ModelArts automatically filters data and then starts the training job. If the preprocessed data does not meet the training requirements, the training job fails to be executed.
Filter policies for columns in a dataset:
- If the vacancy rate of a column is greater than the threshold (0.9) set by the system, the data in this column will be deleted during training.
- If a column has only one value (that is, the data in each row is the same), the data in this column will be deleted during training.
- For a non-numeric column, if the number of values in this column is equal to the number of rows (that is, the values in each row are different), the data in this column will be deleted during training.
After the preceding filtering, if the data in the dataset does not meet the training requirements in Item 1, the training fails or cannot be executed. Complete the data before starting the training.
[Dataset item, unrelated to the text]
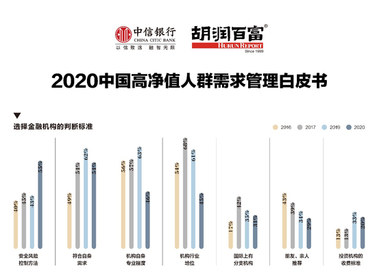 11月7日,以“中信温度·共赢未来”为主题的2020中信财富论坛在北京成功举办。本次论坛期间,中信银行私人银行与胡润研究院联合发布《探索·主动·更新——2020中国高净值人群需求管理白皮书》(Chinese HNWI Post COVID-19 New Normal)。

Restrictions for a dataset file:
1. If you use the 2U8G flavor (2 vCPUs and 8 GB of memory), it is recommended that the size of the dataset file be less than 10 MB. If the file size meets the requirements but the data volume (product of the number of rows and the number of columns) is extremely large, the training may still fail. It is recommended that the product be less than 10,000.
  If you use the 8U32G flavor (8 vCPUs and 32 GB of memory), it is recommended that the size of the dataset file be less than 100 MB. If the file size meets the requirements but the data volume (product of the number of rows and the number of columns) is extremely large, the training may still fail. It is recommended that the product be less than 1,000,000.
If the fault persists, contact HUAWEI CLOUD technical support.